Liberians try to escape fighting
As fighting resumed today in the Liberian capital of Monrovia, the United Nations said the appalling situation facing thousands of war-weary civilians crowding the streets has taken another grave twist: due to virtually non-existent sanitation and a lack of clean water, the city is now in the grips of a serious cholera epidemic.

The UN Office for the Coordination of Humanitarian Affairs (OCHA) reported that after a brief lull in the violence yesterday, the deadly battle for Monrovia picked up again early this morning.
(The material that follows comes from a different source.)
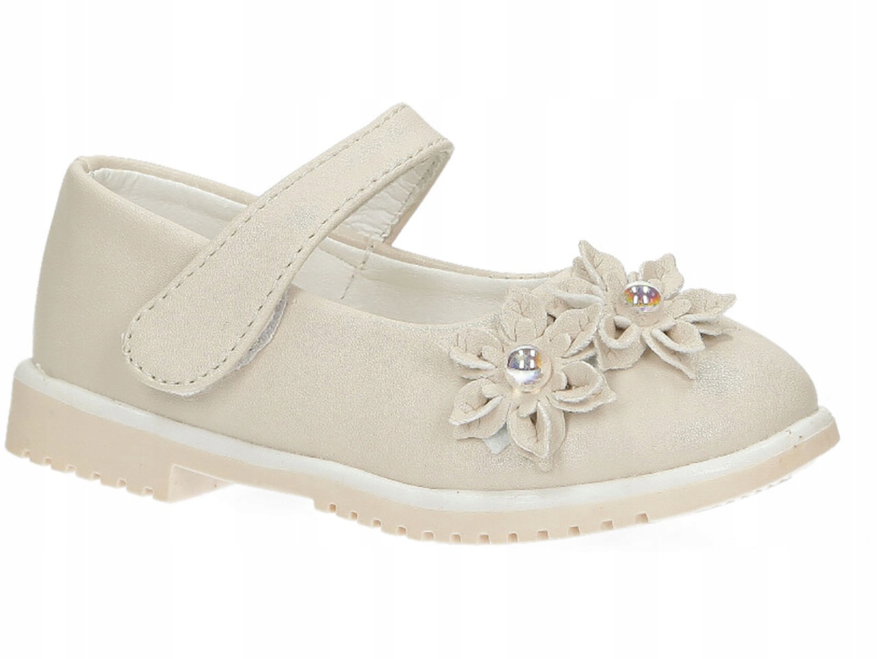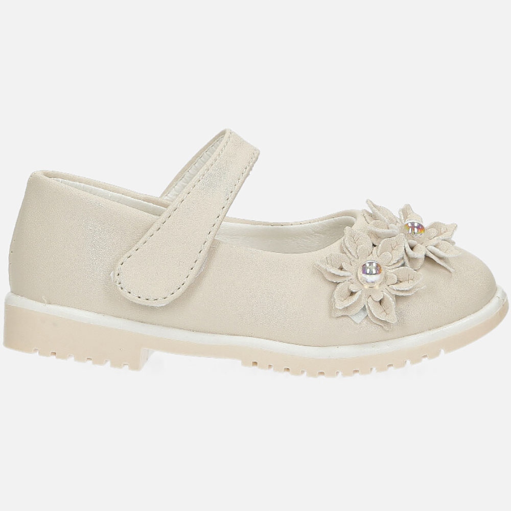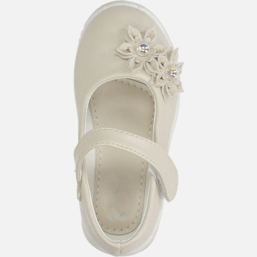 Бежевые балетки с цветами на липучке, Casu 007-1

The humanitarian situation remains dire, with food stocks running out and disease spreading. Cholera continues to run rampant, the office said, due to overcrowding and the increasingly poor sanitary conditions in settlements for internally displaced persons (IDPs)

The shortage of potable water is compounding the health crisis, with humanitarian organizations having to rely on bringing water from deep wells, which need chlorination, to settlements for displaced persons. Intense fighting in the city centre has made access to scarce supplies of potable water more difficult and OCHA says that some aid agencies are reporting that the lack enough clean water for oral hydration therapy.

Fuel shortages are also hampering relief efforts, OCHA said, with Monrovia’s main hospitals reporting that, they will run out of fuel for their generators as well as medical supplies within two weeks.

Prices for commodities are still skyrocketing: a bag of rice, about $20 before the fighting escalated, now costs between $75 and $100; prices of other food stocks like cassava have jumped tenfold.